In our study, agreement between the faculty radiologists was fair-to-good for all criteria; however, between residents, agreement was poor-to-moderate. Therefore, investigative reporting of breast US by residents is inadvisable. At the academic medical centres under study, US of the breast, as well as the abdominal organs, are examined by radiology residents and experienced faculty members. The residents actually operate the ultrasonic equipment themselves and then interpret the images that they, themselves, have produced, in a preliminary form. At the end, the final report is confirmed by the attending faculty member. The variability in agreement regarding image assessment between radiology residents and skilled faculty members has been previously studied, and these reports (
19,
26-
28) showed that the degree of agreement was greater than 90% between radiology residents and faculty members in the assessment of head and pulmonary angiography computerized tomography (CT). However, to date, the discrepancies between faculty radiologists and residents in the assessment of breast US images have not been fully established; this was the motivation for our research. We found that, overall, the agreement between the two faculty radiologists was greater than for the residents. The comparison of diagnostic performance was also significantly higher for the faculty radiologists, yet there was no significant difference between junior and senior residents.
Previous reports have demonstrated that certain breast US features are reliable for differentiation of benign and malignant breast lesions (
29-
33). However, reader discrepancy in mass assessment by US is responsible for differences in lesion detection and variation in lesion description and subsequent management. Several researches have reported inter-observer variability in the assessment of breast masses with the use of the BI-RADS US lexicon, fourth edition (
7,
11). The fifth edition of BI-RADS for US was published in 2013 (
13). However, to the best of our knowledge, observer variability, using the BI-RADS new lexicon for US, fifth edition (2013), has not been widely studied.

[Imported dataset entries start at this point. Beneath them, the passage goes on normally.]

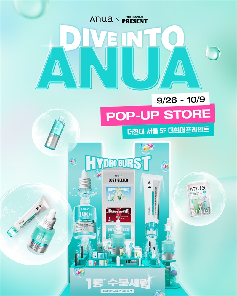 이번 팝업에서는 아누아의 PDRN 라인을 비롯해 어성초 라인 등 다양한 베스트셀러 제품을 직접 체험하고 구매할 수 있다. 대표 제품인 PDRN 세럼은 독자적인 스마트 캡슐 공법을 적용해 피부에 즉각적인 수분감을 선사하며 국내외에서 높은 인기를 얻고 있다.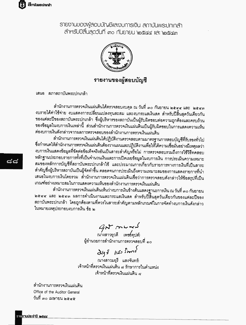 ขอส่งรายงานประจำปี 2544 ของสถาบันพระปกเกล้า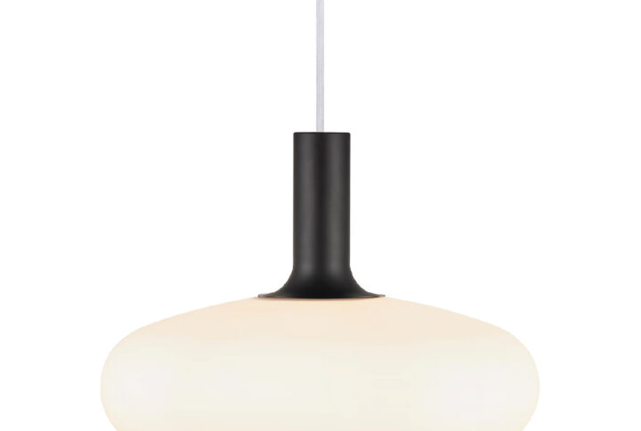 A gama Alton oferece uma bela coerência entre o vidro opalino branco simples e a forma arredondada, criando uma expressão elegante e clássica. Inclui um topo em metal preto mate, que confere ao candeeiro um visual clássico e minimalista. A combinação do vidro opalino branco com o metal preto mate resulta numa expressão de design moderna e sofisticada.
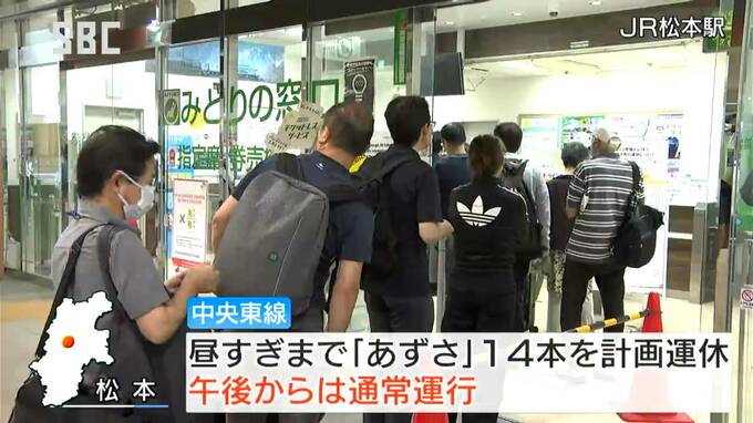 台風13号の接近で、JR東日本は昼過ぎまで中央東線の特急「あずさ」14本を計画運休しましたが、午後からは通常通り運行されています。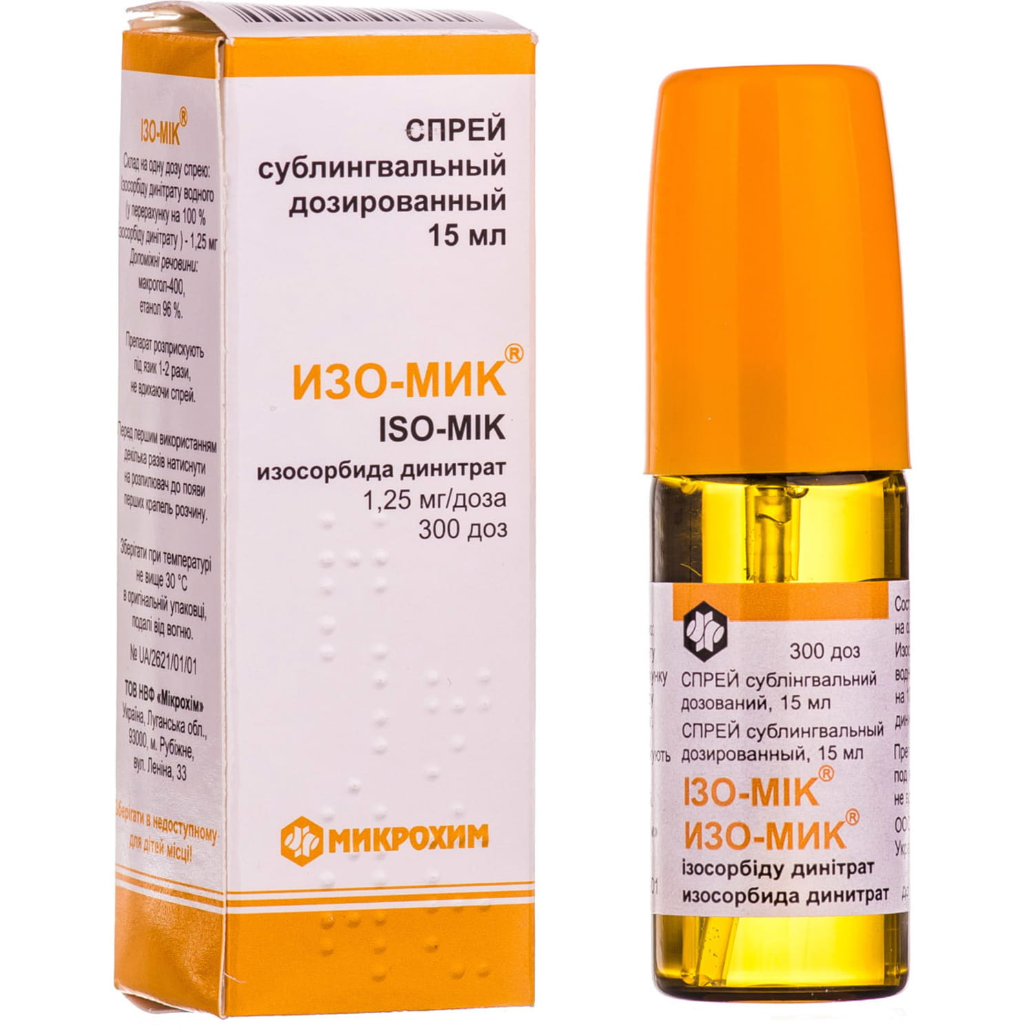 После распыления в полости рта препарат быстро всасывается и начинает оказывать гемодинамический и антиангинальный эффект через 2-5 мин (т.е. купирование приступа стенокардии наблюдается через 2-5 мин после приема). Максимальная концентрация активного вещества в плазме крови достигается через 5-6 мин. Максимальный эффект после впрыскивания препарата ИЗО-МИК наступает на 10-15-й мин. Изосорбида динитрат метаболизируется с образованием активного метаболита изосорбида-5-мононитрата, период полувыведения которого составляет 5 ч, а также изосорбида-2-мононитрата с периодом полувыведения 2,5 ч. Период полувыведения изосорбида динитрата при сублингвальном применении препарата составляет 1 ч. Период полувыведения может удлиняться при курсовом применении препарата. От 80 до 100 % введенной разовой дозы выводится с мочой в течение 24 ч, преимущественно в форме метаболитов.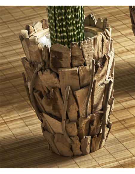 Jarrón decorativo Lascas madera 35 cm, este objeto, que puede ser utilizado tanto como jarrón decorativo como paragüero, está elaborado con lascas de madera de deriva, creando una textura única y un aspecto orgánico. Cada pieza de madera, con sus formas irregulares y sus tonos naturales, cuenta una historia, aportando un carácter auténtico y singular al conjunto. Su diseño versátil se adapta a una variedad de estilos decorativos, desde los más rústicos y bohemios hasta los más modernos y minimalistas. Colócalo en el recibidor, el salón o incluso en un rincón especial de tu dormitorio para añadir un toque de naturaleza y calidez a tu espacio.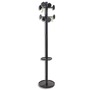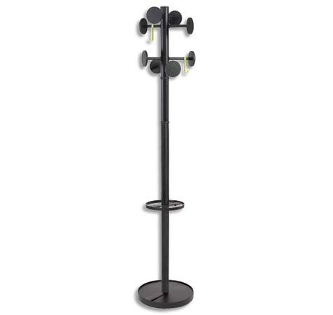 En métal et ABS. Large diamètre : 8 patères ABS et 2 crochets additionnels pour accessoires. Base lestée pour une stabilité optimale. Large fût en métal. Porte-parapluies. Hauteur : 176 cm. Base : Ø 38 cm.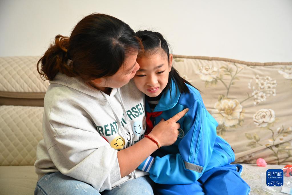 放學(xué)回到家后,趙懿菲依偎在媽媽?xiě)牙铮?月9日攝)。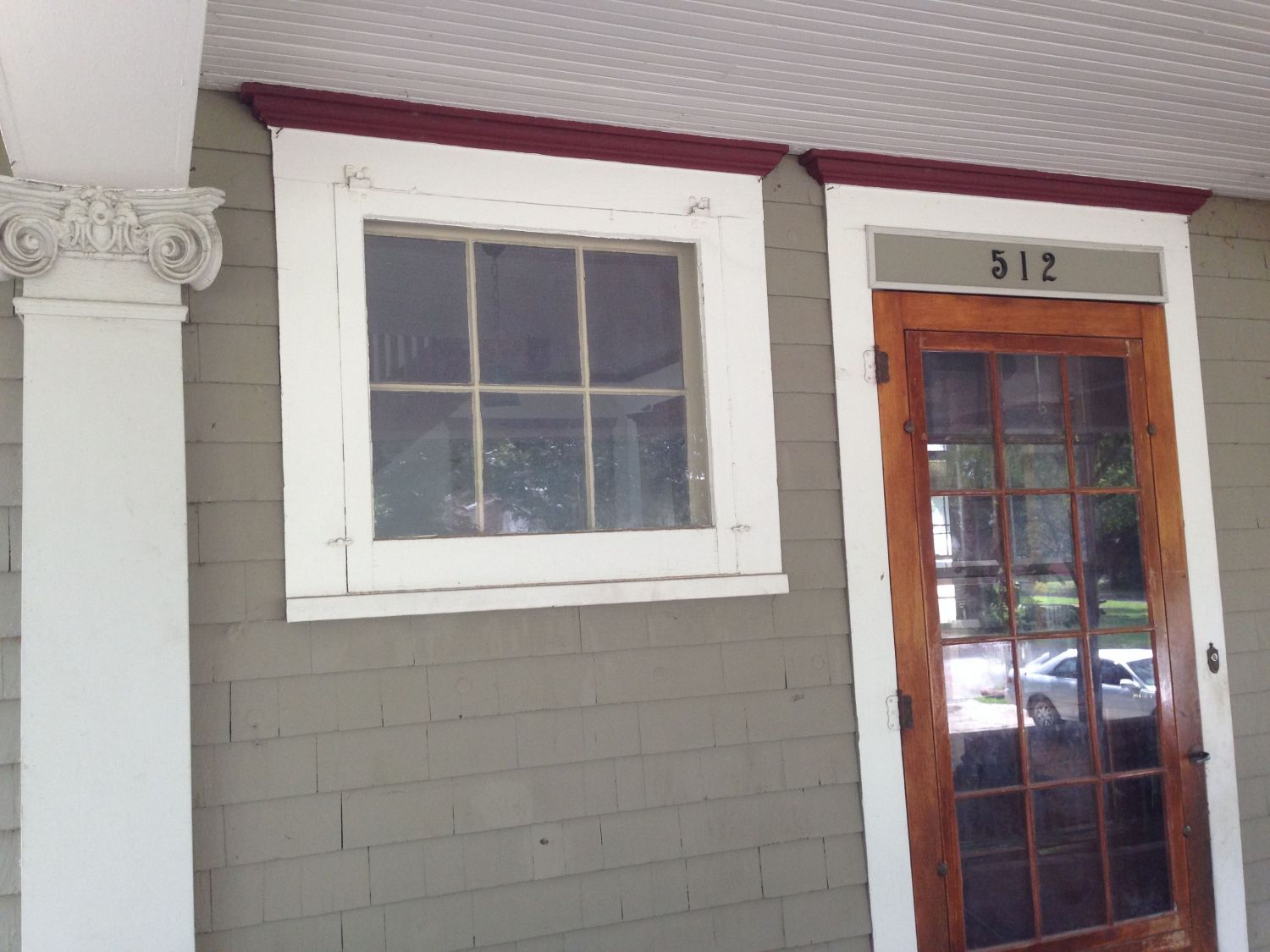 The screen door is vintage but not original and thus not tall enough. I would remove it, and the piece of wood above with the house numbers. Why? Because…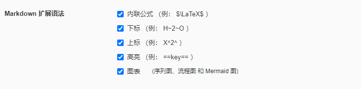 在使用之前,要确保我们的Typora 已经打开 内联函数的开关,具体步骤为 :左上角文件 → \rightarrow→ 偏好设置 → \rightarrow→ Markdown → \rightarrow→ Markdown 扩展语法 → \rightarrow→ 勾选内联公式,如下图:
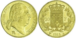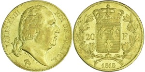 Lot 039/718 MODERN FRENCH COINS - Louis XVIII to Louis-Philippe :: France - Louis XVIII (1815-1824) - 20 francs au buste nu 1818 A (Paris)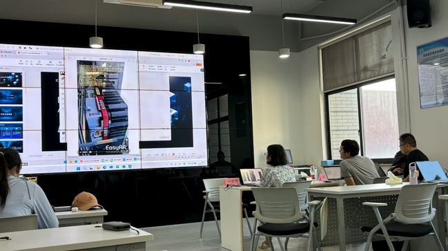 为增强学生对技术实际落地的感知,课程组织学生赴上海大学工业巡检实验室进行实地教学。在卢芳芳老师的带领下,同学们亲眼目睹AR技术如何赋能工业运维流程。实验室研究人员演示了基于AR眼镜的设备巡检与操作辅助系统,信息实时叠加于真实场景中,实现“所见即所得”的交互效果。通过亲身体验,同学们对EasyAR Mega提出的“赋能千行百业”有了更直观的认识,也对后续开发环节充满期待。从采集到开发,实战闭环锤炼技术能力。

Our results using the BI-RADS fifth edition are similar to previous studies using the fourth edition. In the new BI-RADS lexicon for US, the boundary term was removed, yet in our data, this seemed to have little effect in determining a final category. The agreement for the final category of faculty radiologists was fair-to-moderate in our study. This result was similar to that in studies by Elverici et al. (
7), Lee et al. (
10), and Berg et al. (
8), using the BI-RADS fourth edition. According to a study by Elverici et al. (
7), the observer agreement was good for orientation, moderate for shape, echo pattern and posterior feature, and was fair for margin and final category for two experienced radiologists. Regarding our results, data of the faculty members was similar to that of Elverici et al. (
7), yet our results for residents were poor. Also, as in other studies (
34), the agreement of all three subgroups in the current study was lowest for margin and highest for orientation. We assume the reason is that the terminology for characterization of the mass margin is multiple, and even overlapped. Our study showed that the disagreement among readers, when labelling mass margin and echo pattern, was more with a heterogeneous background echo-texture than homogeneous background. This is probably because the observers were uncertain and confused when trying to detect and classify abnormalities in heterogeneous tissue composition with posterior shadowing. This confusion is not minor, because the designation of circumscribed margin can encourage observers to decide that the lesion is benign and thus produce a false negative. In contrast, the designation of a not-circumscribed margin may contribute to a false positive lesion and an unnecessary biopsy.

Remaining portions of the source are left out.